There has always got to be a "crank" in the group….......will it ever end…..........(-:

I will have to look for a flashlight for my 18 V Dewalt battery. It belongs to a…....hmmm….....probably never to be used again Dewalt Sawzall I needed a number of years ago.

Good idea Rich….....even if there had to be a "crank" in the group…..........(I apologive BigTiny, never could resist a pun)

So now I have another thing to pick up on one of my Drive Buy episodes at the big boxes….........

Jim


----------



## NBeener (Sep 16, 2009)

Got THREE of those hand-crank-powered LED lights.

One's under the bed. One in each car.

I get a TREMENDOUS upper-body workout, by grinding those to life … two … maybe three times a year.

Don't mess with me. You've been warned ;-)


----------



## psxstudio (Jan 13, 2011)

When I bought my dewalt cordless combo many years ago, it came with the same flashlight along with 6.5" circular cir and drill. The flashlight does come in very handy at times. Pretty sturdy and flexible hose makes it easy to pin point the light. =]

JB


----------



## Woodwrecker (Aug 11, 2008)

I've had one of these for years and it has been reliable & mighty tough.


----------



## Sarit (Oct 21, 2009)

I've switched to using a head lamp in my dark garage. My hands are free and no matter where I look, there's light.


----------



## Vrtigo1 (Mar 18, 2010)

I need to get one of these, but my local stores never seem to have them outside the package deals. I would really love to have something with the flexible positioning. I have a clip on LED light that sits on the brim of my hat pretty much 24×7 except when I'm at work and THAT sucker is truly indispensable. Nice, concentrated light where ever I happen to need it.

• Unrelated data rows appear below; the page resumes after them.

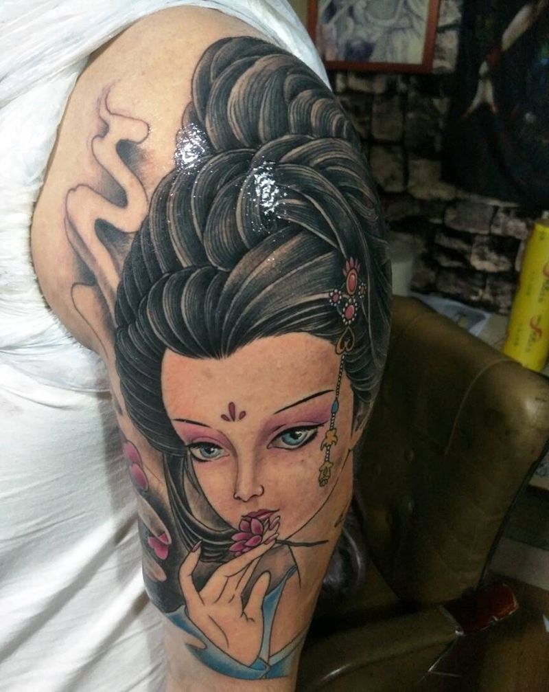 • 女性大花胸纹身_43张霸气漂亮的女性大花胸纹身图案作品
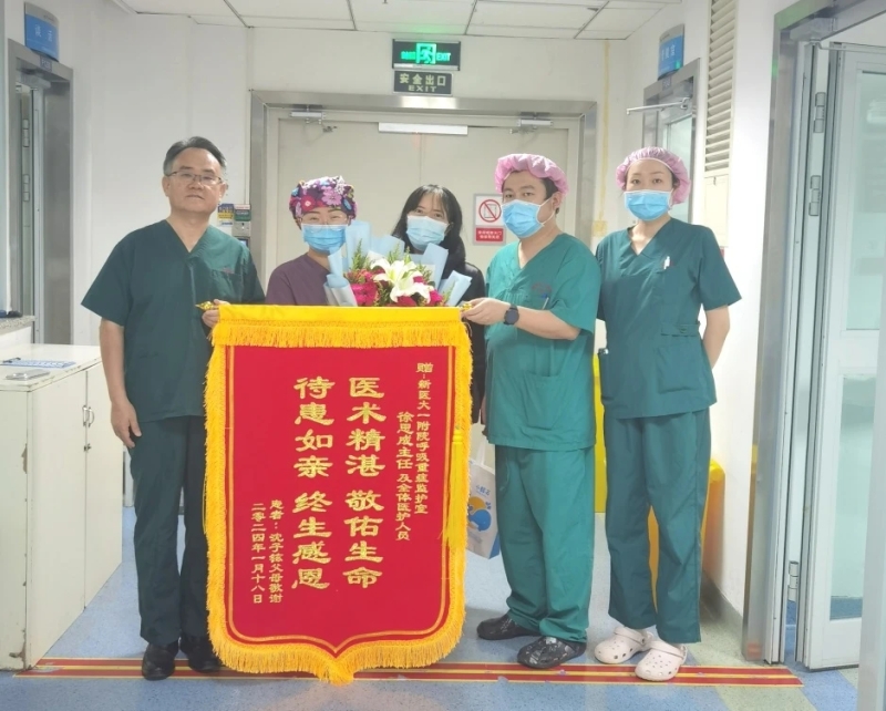 患者家属为医护团队送上锦旗。beat365中文官方网站第一附属医院供图
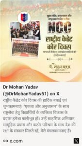 भोपाल: राष्ट्रीय कैडेट कोर दिवस के अवसर पर मुख्यमंत्री डॉ. मोहन यादव ने एक्स पर पोस्ट कर प्रदेश व देशभर के एनसीसी कैडेटों को हार्दिक बधाई एवं शुभकामनाएं दीं।सीएम डॉ. यादव ने अपने संदेश में कहा कि एनसीसी युवाओं में एकता और अनुशासन के मूल्यों को मजबूत बनाते हुए राष्ट्र सेवा की भावना को नई ऊर्जा देता है।
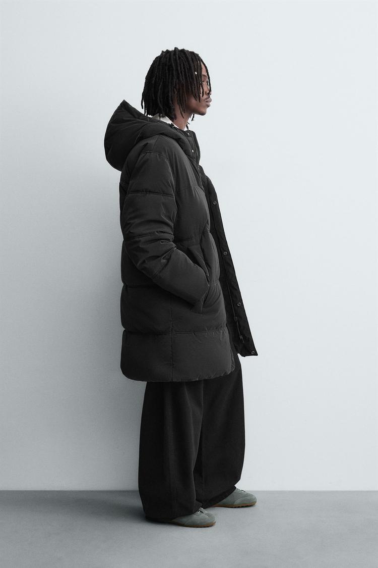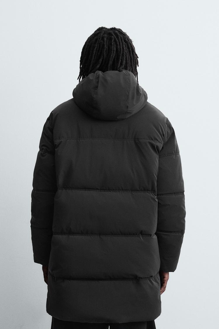 ZARA ДЛИННАЯ СТЕГАНАЯ КУРТКА, ЧЕРНЫЙ

I'm not afraid of the dark but you wouldn't know it looking at my flashlight collection. I have a mag light in my car, plus a rechargeable streamlight stinger LED that is always sitting in the charger in my glove box. In the shop, I have another mag light that hangs in its charger on the wall. I have a Surefire 6P defender that stays on my nightstand, and a Surefire G2 LED that is on my belt 24×7. Some of the guys at work used to razz me about it because I look like Batman with my light and leatherman, but then they saw how useful a light can be, especially when you work in IT and have to navigate dark wiring closets. I also picked up a cheapo emergency light at Lowes for the shop, so if I trip a breaker or the power goes out, I won't be left standing in the middle of a pitch black room with lots of sharp stuff in it. Anyway I'm rambling, a few friends have the Dewalt lights and they are indeed very handy.


----------